Dictionary of National Biography, 1885-1900/Pocklington, John
POCKLINGTON, JOHN, D.D. (d. 1642), divine, received his education at Sidney College, Cambridge, where he graduated B.A. in 1598. He was admitted a fellow of his college on the Blundell foundation in 1600, commenced M.A. in 1603, and proceeded to the degree of B.D. in 1610. While at Cambridge he held extremely high-church views. In January 1610 he was presented to the vicarage of Babergh, Suffolk. On 15 May 1611 the Earl of Kent, with the consent of Lord Harington, wrote to Sidney College to dispense with Pocklington's holding a small living with cure of souls (Addit. MS. 5847, f. 207). On 13 Jan. 1612 he was elected to a fellowship at Pembroke College, Cambridge, which he resigned in 1618. He was created D.D. in 1621. He became rector of Yelden, Bedfordshire, vicar of Waresley, Huntingdonshire, and one of the chaplains to Charles I.

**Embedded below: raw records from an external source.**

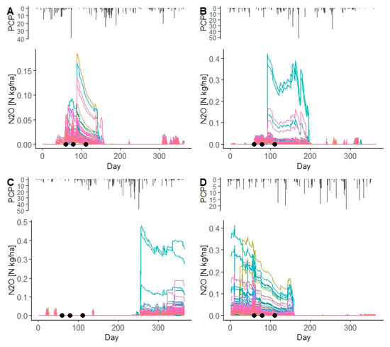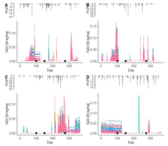 The measured hourly N2O emissions in Pötting and Hirschstetten were both aggregated to the daily time step, respectively, to compare with the corresponding simulated daily N2O emissions from the submodule. Linear interpolation was used to generate the cumulative N2O flux during the crop growing season [46,47,48]. In the Zaya catchment for each of the years 2006 to 2015, a one-way analysis of variance (ANOVA) was performed in R to analyze the effect of daily precipitation on daily N2O emissions during the growing season of spring barley (from approximately 22 March to 1 August each year).
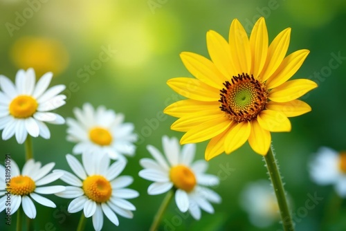 Naklejka premium One vibrant sunflower among plain white daisies, flower, nature
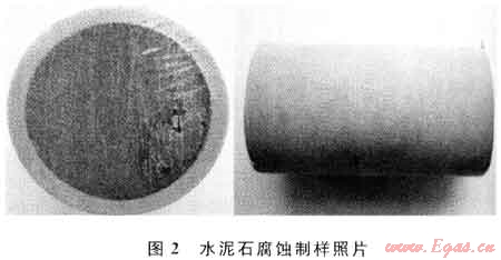 通過對(duì)目前國(guó)內(nèi)外開展的水泥石抗酸性介質(zhì)腐蝕能力的文獻(xiàn)資料調(diào)研,發(fā)現(xiàn)以往的腐蝕實(shí)驗(yàn)均是采用將水泥石樣完全浸泡在酸性環(huán)境下進(jìn)行試驗(yàn)的實(shí)驗(yàn)手段[1~3],但實(shí)際上,井下水泥環(huán)受到腐蝕是從氣層和水泥環(huán)的接觸界面開始的,而并非水泥環(huán)整體同時(shí)受到腐蝕,因此以往水泥石受酸性氣體腐蝕的實(shí)驗(yàn)結(jié)果與實(shí)際情況并不完全吻合。
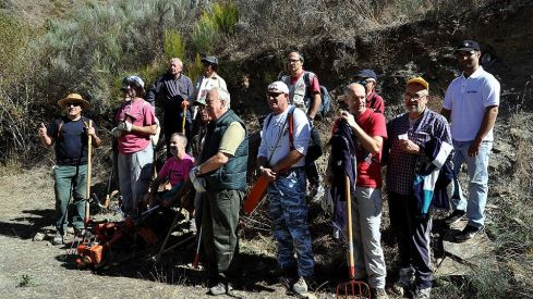 Un grupo de 16 voluntarios de Promonumenta, la asociación de amigos del patrimonio cultural de León, junto a responsables de la junta vecinal de la localidad ponferradina de Valdefrancos llevaron a cabo este fin de semana el acondicionamiento y desbroce del entorno de las tres antiguas minas de hierro hoy abandonadas existentes en la zona conocida como el valle de Rioseco. Es la cuarta hacendera que el colectivo impulsa en el área del valle del Oza, corazón de la Tebaida berciana.
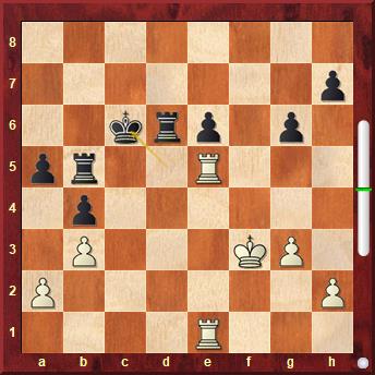 Hij heeft met veel moeite een gelijke stelling bereikt en met Kc2 is de remise binnen. Hij speelt echter moe door het spelen op increment Kc4 en moet na Tc3+ Kd4 Txb3 constateren dat het eindspel verloren is.
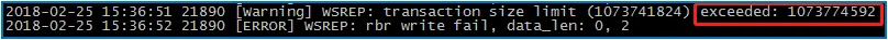 根据Galera复制原理,删除事务在本地节点提交成功时,本地节点把事务通过write set复制到集群另外两个节点,之后各个节点独立异步地进行certification test,由于要删除的数据量非常大,该事务已超过同步复制写入集(生产环境中write set设定值为1G),因此,本地节点无法得到certification信息,事务并没有插入待执行队列进行物理提交,而是在本地优先被回滚。
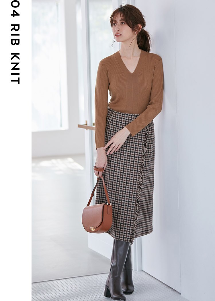 エレガントに着こなすこなれVネックニット。リブ&大胆な編地デザインが他とは一線を画すデザインで、顔回りをすっきり見せてくれる効果も。フリンジチェックのスカートとロングブーツとの組み合わせが今年らしくて新鮮。
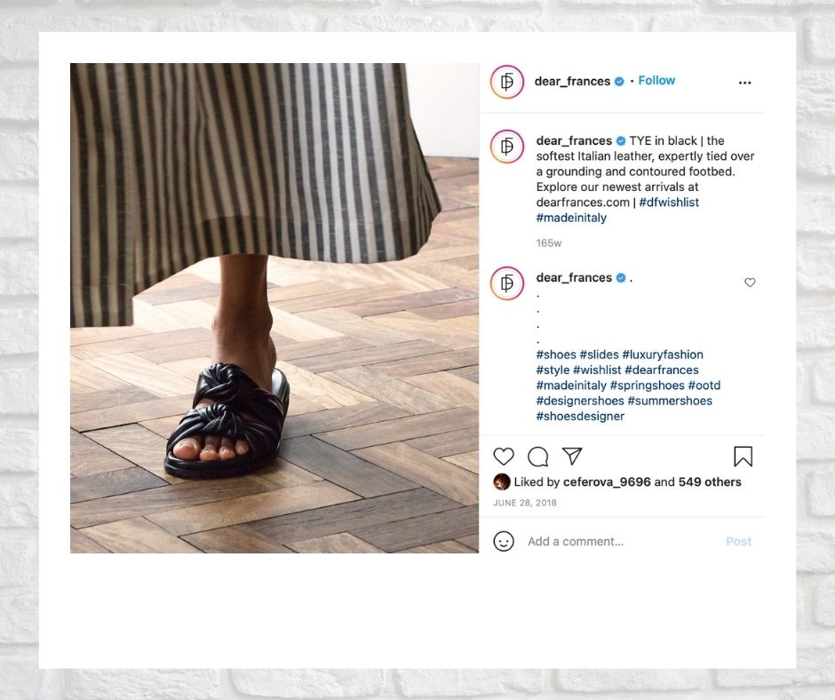 London-based DEAR FRANCES was founded with the clear objective of offering luxury, designer classics to modern women. It has become synonymous with modern, elegant designs, offering styles to hero a classic wardrobe.
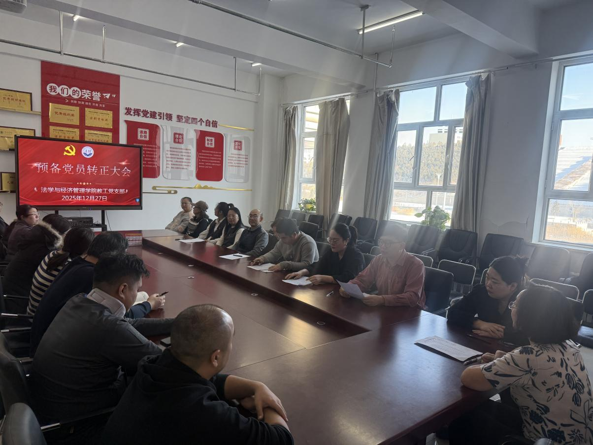 为持续夯实党员队伍建设根基,充实基层党建力量,增强党组织的凝聚力与战斗力,12月27日上午,法学与经济管理学院教工党支部在崇文楼A308会议室召开党员大会,专题讨论预备党员贺笑捷同志转正问题。会议由教工党支部书记王攀先同志主持,支部全体党员参会。
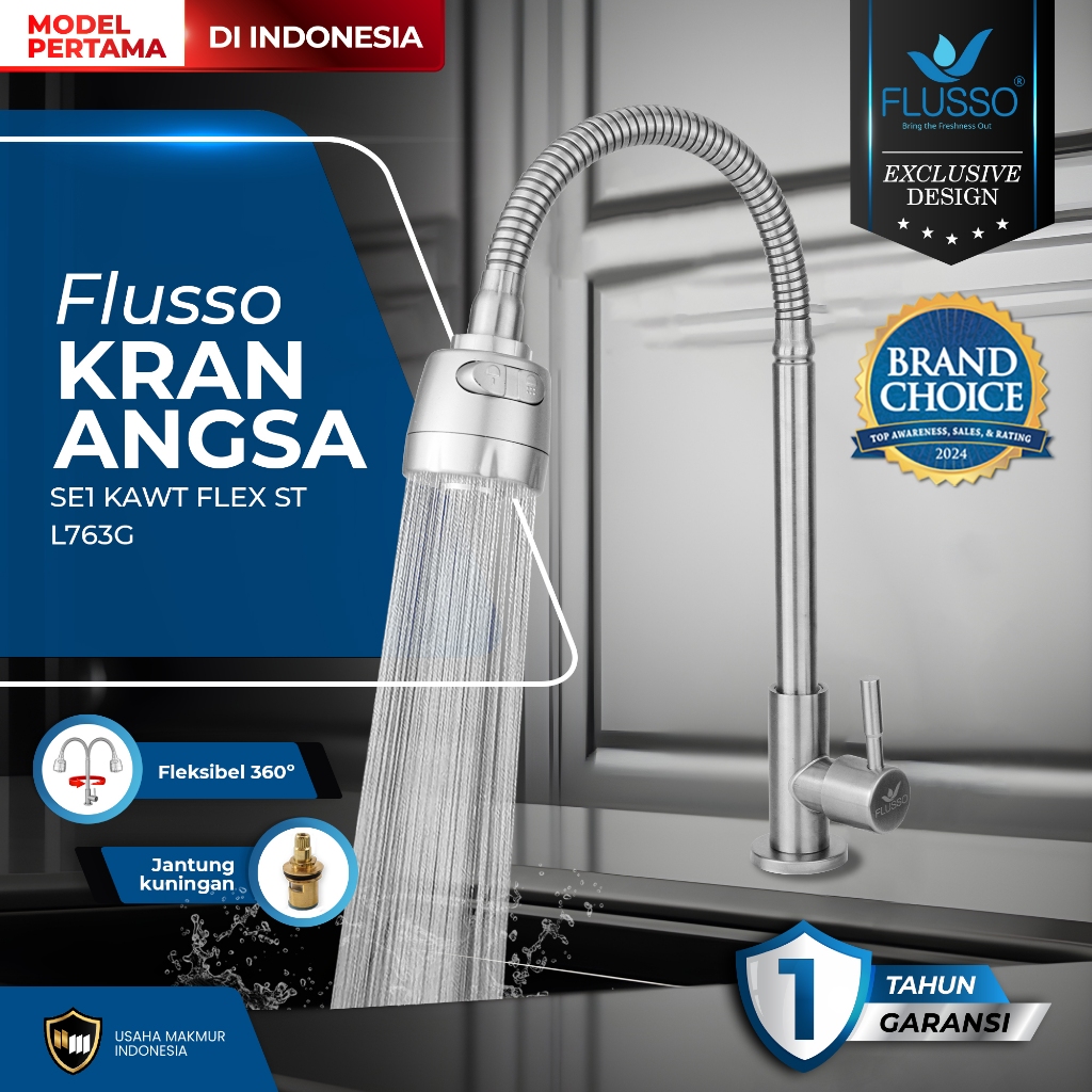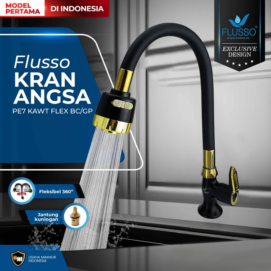 FLUSSO Kran Wastafel Fleksible Jantung Kuningan Keran Angsa Cuci Piring Dapur Garansi 1 Tahun 860
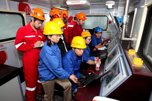 江漢油田第四石油機械廠為中國石油海洋工程有限公司設計生產的2000型海洋酸化壓裂橇裝機組包括16種共25臺設備,能夠滿足海洋酸化、壓裂、防砂等各種工藝施工作業需要。整套機組的研發堅持高起點、高質量原則,瞄準和跟蹤國際領先技術,采用快速拆裝、本質安全型設計理念,設備吊點、吊具由中國船級社CCS認證。機組采用數字化網絡控制技術,實現了供液(酸)、加砂、混拌、壓裂等全過程的集中控制、數據采集和無線監控,提高了現場施工作業的安全性和可靠性。在單機性能試驗和聯機調試中,各項試驗數據顯示,整機性能優良。
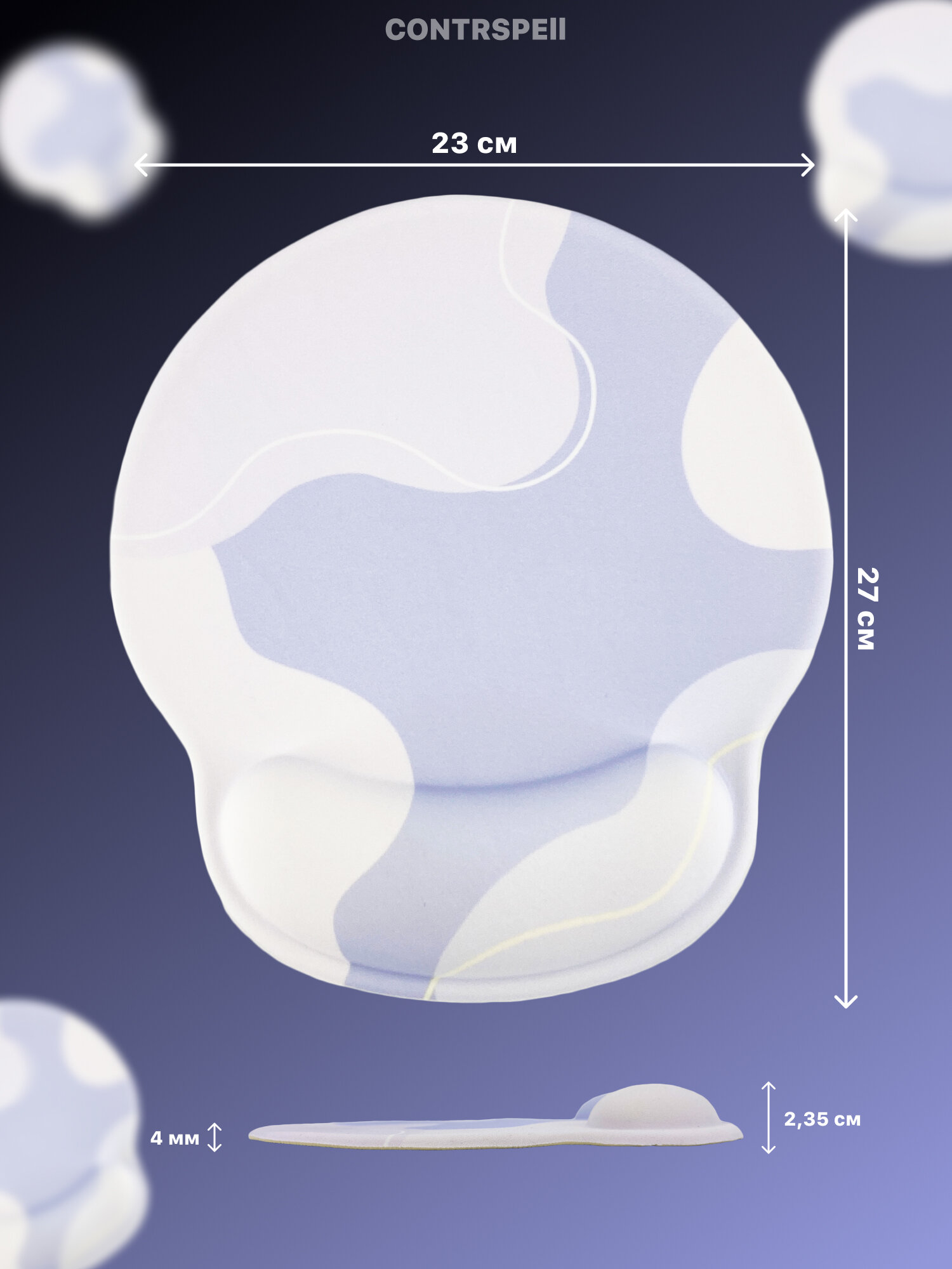 Коврик для мышки маленький с подушкой для запястья 270x230 мм Светлый голубой принт интересное:
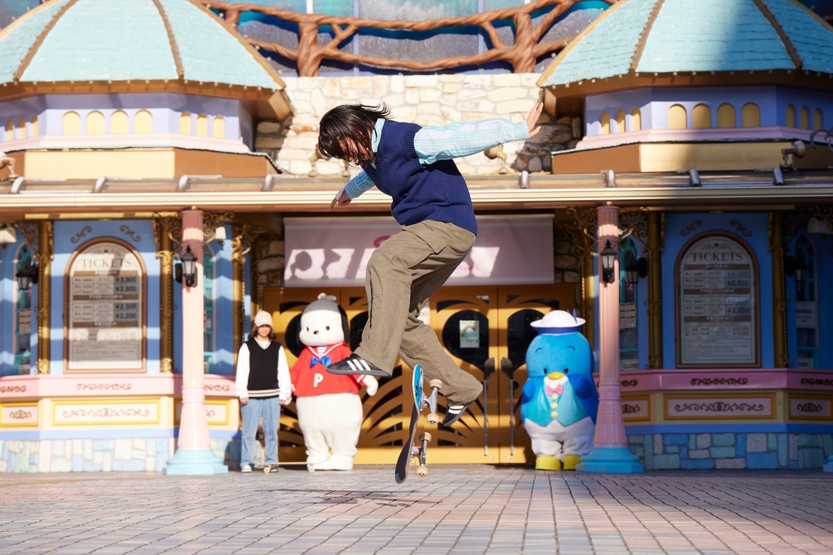 普段はスケートボードが禁止されているのですが、今回は特別にサンリオピューロランドを背景に滑走を披露してくださいました。
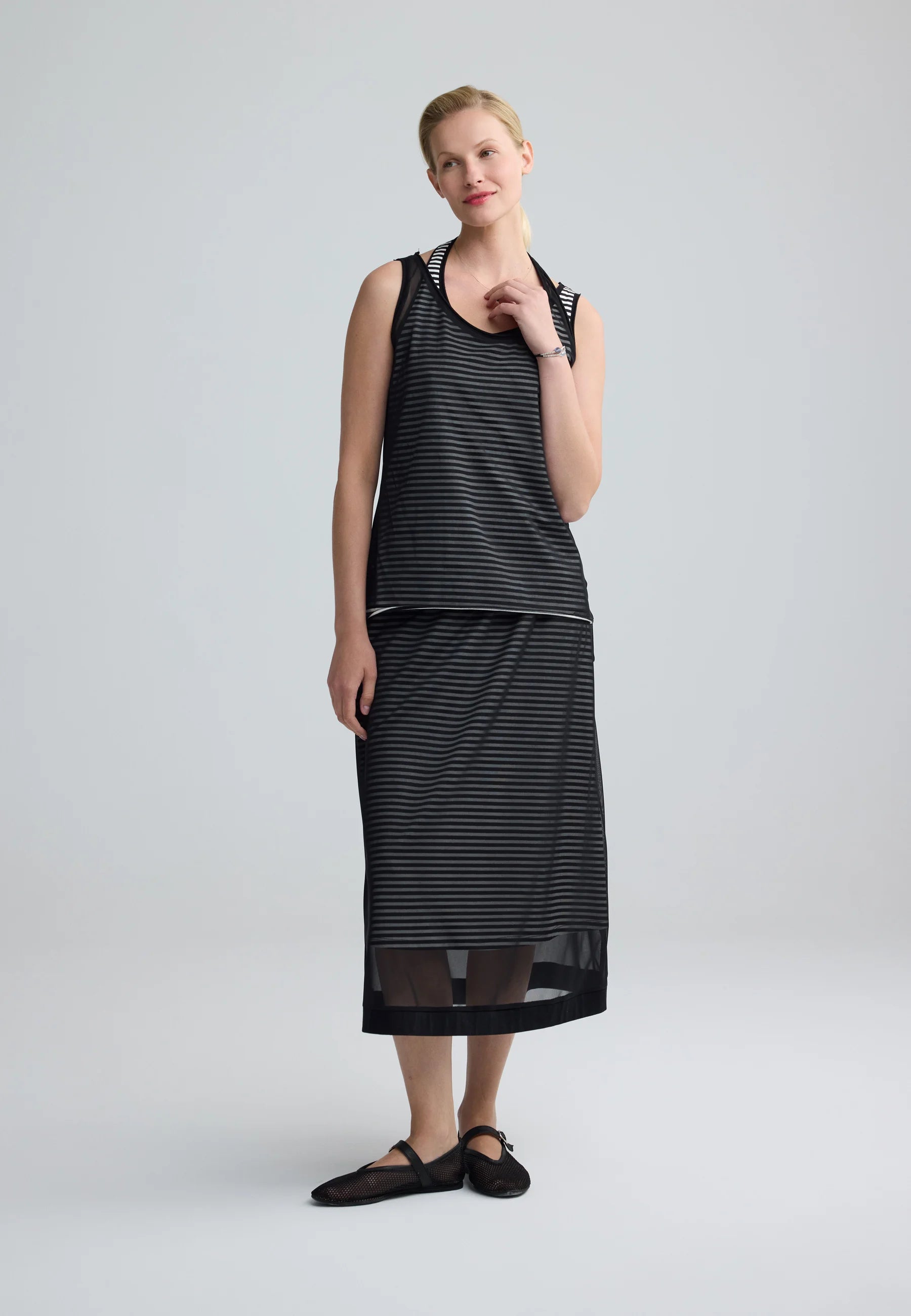 ✓ Sheer mesh outer layer creates a modern play on depth and texture, softening the bold horizontal stripe pattern beneath.
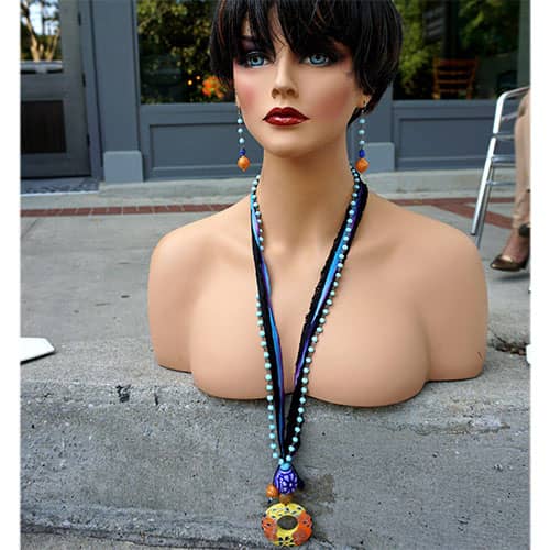 Using color combinations found in nature, Teresa Goodall creates accessories that work with the casual soft dressing of today. A floral garden, to an ocean paradise,... a calming sunset, to the enchanted north woods: colors are layered and blended to make jewelry to complement not one piece of the wardrobe, but many.

On 31 Oct. 1623 he was collated to the fourth stall in Peterborough cathedral, and on 25 Nov. 1626 to the prebend of Langford Ecclesia in the church of Lincoln. He was also appointed chaplain to the bishop of Lincoln. Soon afterwards he published 'Sunday no Sabbath. A Sermon preached before the Lord Bishop of Lincolne at his Lordshipa Visitation at Ampthill. . . Aug. 17, 1635,' London (two editions), 1636, 4to. This was followed by 'Altare Christianum; or the dead Vicars Plea. Wherein the Vicar of Gr[antham], being dead, yet speaketh, and pleadeth out of Antiquity against him that hath broken downe his Altar,' London, 1637, 4to. The arguments advanced in the latter work were answered in 'A Quench-Coale,' 1637. Pocklington was appointed a canon of the collegiate chapel of Windsor by patent on 18 Dec. 1639, and installed on 5 Jan. 1639-1640. On 14 Sept. 1640 he was at York, and wrote a long letter to Sir John Lambe, describing the movements of the royal army (Dom., Car. I, vol. cccclxvii. No. 61).
Among the king's pamphlets in the British Museum is 'The Petition and Articles exhibited in Parliament against John Pocklington, D.D., Parson of Yelden, Bedfordshire, Anno 1641,' London, 1641, 4to; reprinted in Howell's ' State Trials' (v. 747). He was charged with being 'a chief author and ringleader in all those [ritualistic] innovations which have of late flowed into the Church of England.' On 12 Feb. 1640-1 he was sentenced by the House of Lords never to come within the verge of the court, to be deprived of all his preferments, and to have his two books, 'Altare Christianum' and 'Sunday no Sabbath,' publicly burnt in the city of London and in each of the universities by the hand of the common executioner. When Pocklington was deprived of his preferments, William Bray, D.D., who had licensed his works, was enjoined to preach a recantation sermon in St. Margaret's Church, Westminster (Heylyn, Life of Laud, p. 441). Pocklington died on 14 Nov. 1642, and was buried on the 16th in the precincts of Peterborough cathedral.
A copy of Pocklington's will in the British Museum (Lansdowne MS. 990, art. 20, f. 74) is dated 6 Sept. 1642; in it bequests are made to his daughters Margaret and Elizabeth, and his sons John and Oliver. His wife Anne (who died in 1655) was made sole executrix. He ordered his body 'to be buried in Monks' churchyard, at the foot of those monks' martyrs whose monument is well known.'
[Information from J. W. Clark, esq.; Addit. MSS. 5852 f. 214, 5878 f. 77; Bridges's Northamptonshire, ii. 566; Fuller's Appeal of Injured Innocence, pt. iii. pp. 45, 46; Hawes's Hist. of Framlingham (Loder), p. 247; Heylyn's Life of Laud, pp. 295, 313; Le Neve's Fasti (Hardy), ii. 165, 548, iii. 402; Lysons's Bedfordshire, p. 156; Notes and Queries, 1st ser. viii. 215, ix. 247, x. 37; Prynne's Canterburies Doome, pp. 186, 190, 221, 357, 358, 513, 516; Prynne's Hidden Works of Darkness, p. 179; Quench Coale, pref. p. xxxii, pp. 294, 312; Richardson's Athenae Cantabr. MS. p. 123; Cal. of State Papers, Dom. 1634-5 p. 346, 1637 p. 551, 1638-1639 p. 534, 1639-40 pp. 168, 203, 520, 1640-1641 pp. 61, 355; Walker's Sufferings, i. 55, ii. 95; Willis's Survey of Cathedrals, iii. 521; Wood's Fasti Oxon. (Bliss), i. 301.]